Le podcast « Tant qu’il y aura des Gones » a ouvert ses micros lundi pour revenir sur le revers cuisant de l’OL à Toulouse, dimanche dernier. Autour de Razik Brikh, l’équipe composée d’Enzo Reale en tant que consultant, du journaliste David Hernandez et de Killian Guillemois, dirigeant et joueur de l’ASC Barreau de Lyon Football, n’a pas caché sa déception face à cette performance décevante. Le contraste était flagrant avec la prestation des Lyonnais quatre jours plus tôt, quand ils s’étaient imposés largement contre Rennes (4-2).

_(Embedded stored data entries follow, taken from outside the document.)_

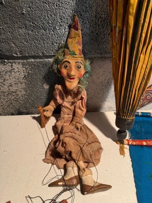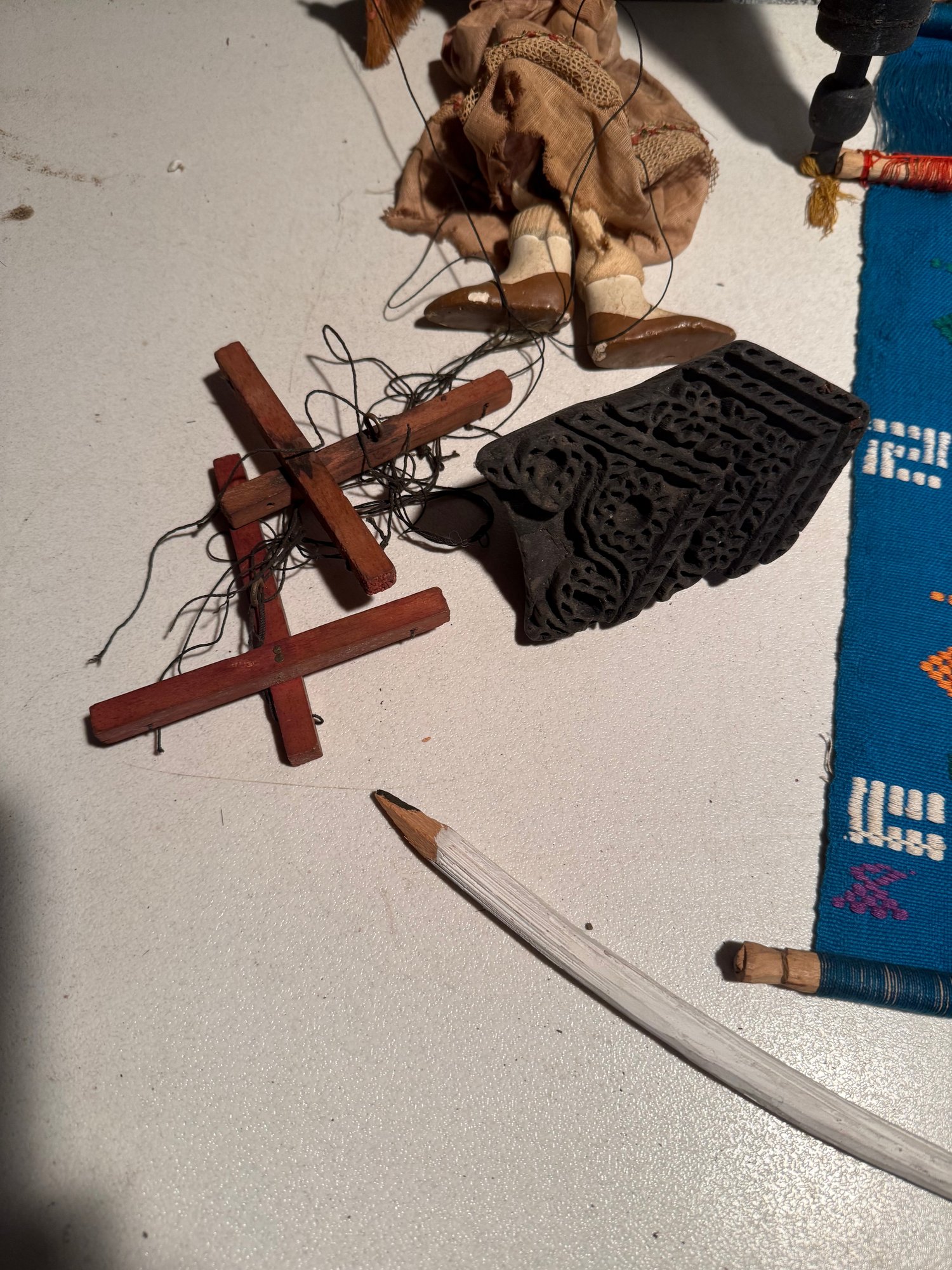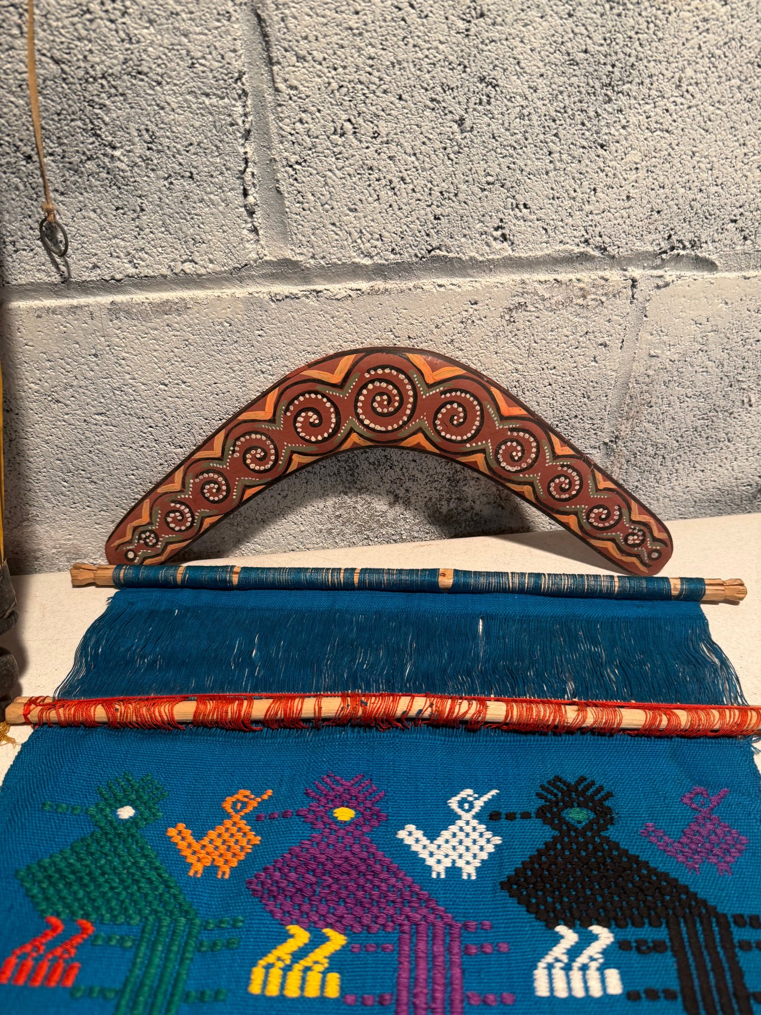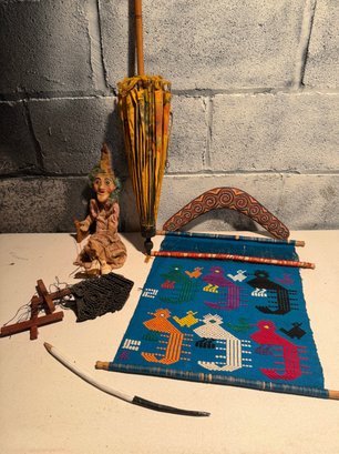 Guatemalan Textile Wall Hanging, Marionette Puppet, Boomerang, Parasol, Wooden Stamp, & Carved Pencil
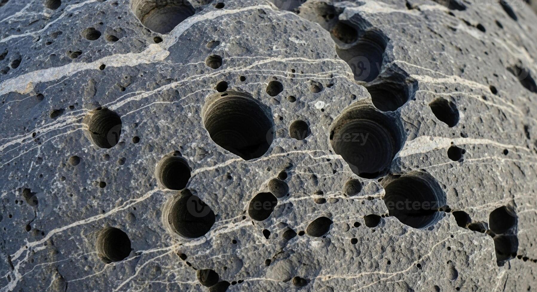 Abstract close up of textured surface with dark circular and oval shapes creating a unique organic pattern Pro Photo
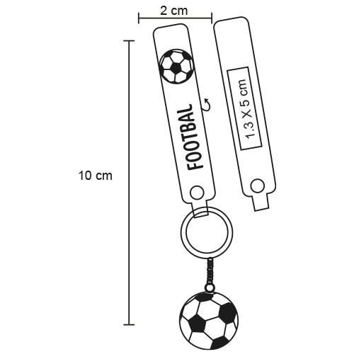 Descripción Llavero con pelota de soccer, aro para llaves y gancho para mejor sujeción.

Depuis dimanche, l’Olympique lyonnais occupe la quatrième place du classement sans maîtriser son destin pour accrocher le podium final. Les coéquipiers de Corentin Tolisso dépendent désormais des résultats d’autres concurrents. Lille, qui reçoit Auxerre ce week-end, et Rennes, bien positionnés dans le top 5, constituent des menaces à surveiller attentivement. Cette situation inconfortable illustre une fin de saison instable, à mille lieues des ambitions affichées en début d’exercice 2025-2026.

Malgré tout, les protégés de Paulo Fonseca peuvent se consoler d’une certitude : leur bilan actuel dépasse déjà celui de la saison précédente. Une maigre satisfaction quand on observe la trajectoire chaotique des dernières semaines. Les débats lundi ont naturellement porté sur cette question fondamentale : peut-on réellement se réjouir d’une telle campagne ?

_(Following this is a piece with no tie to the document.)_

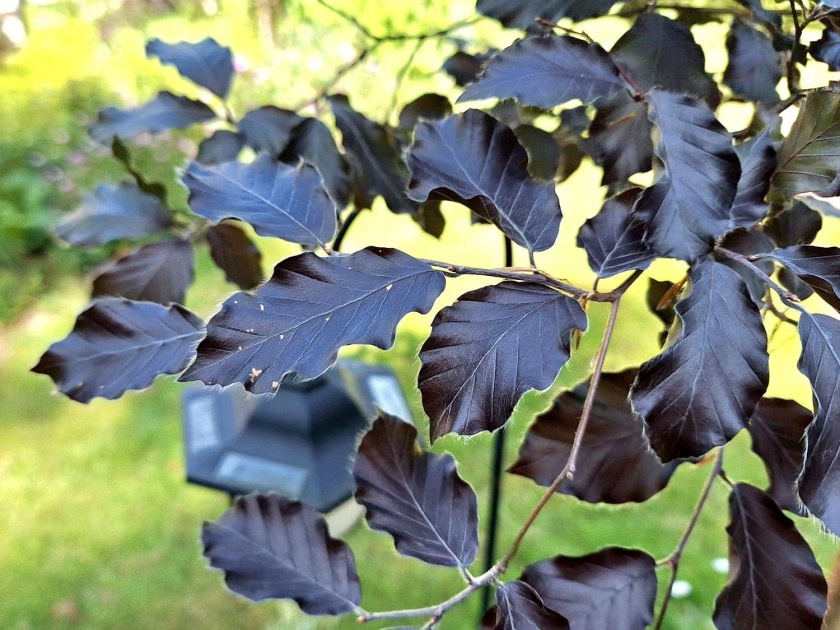 De røde blade er så flotte. Farven changerer fra rødbrun til næsten sort alt efter, hvordan lyset falder.
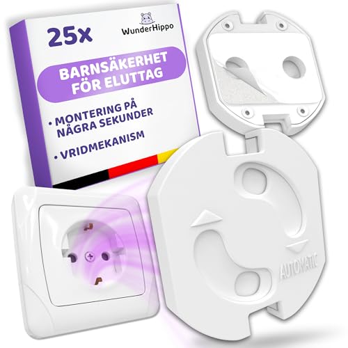 WunderHippo 25x Eluttagsskydd med vridmekanism – Barnsäkerhet för eluttag – Skydd för bebisar & barn – Vit

Le dernier acte de cette saison mouvementée approche à grands pas. Dimanche à 21 heures, l’OL accueillera Lens, une formation redoutable qui occupe la deuxième place du classement. Au-delà du classement, les Sang et Or visent une finale de Coupe de France, mais ce contexte ne les empêchera pas d’engager un combat sans concession dans le Rhône. Les Lyonnais rêvent de conclure leur exercice par une belle fête au Parc OL, mais devront d’abord dompter un adversaire de premier plan pour y parvenir.

L’émission « Tant qu’il y aura des Gones » reste accessible sur plusieurs plateformes : Ausha, Apple Podcast, Deezer, Podcast Addict et Amazon Music. Un replay vidéo est également proposé sur YouTube pour les auditeurs qui auraient manqué le direct.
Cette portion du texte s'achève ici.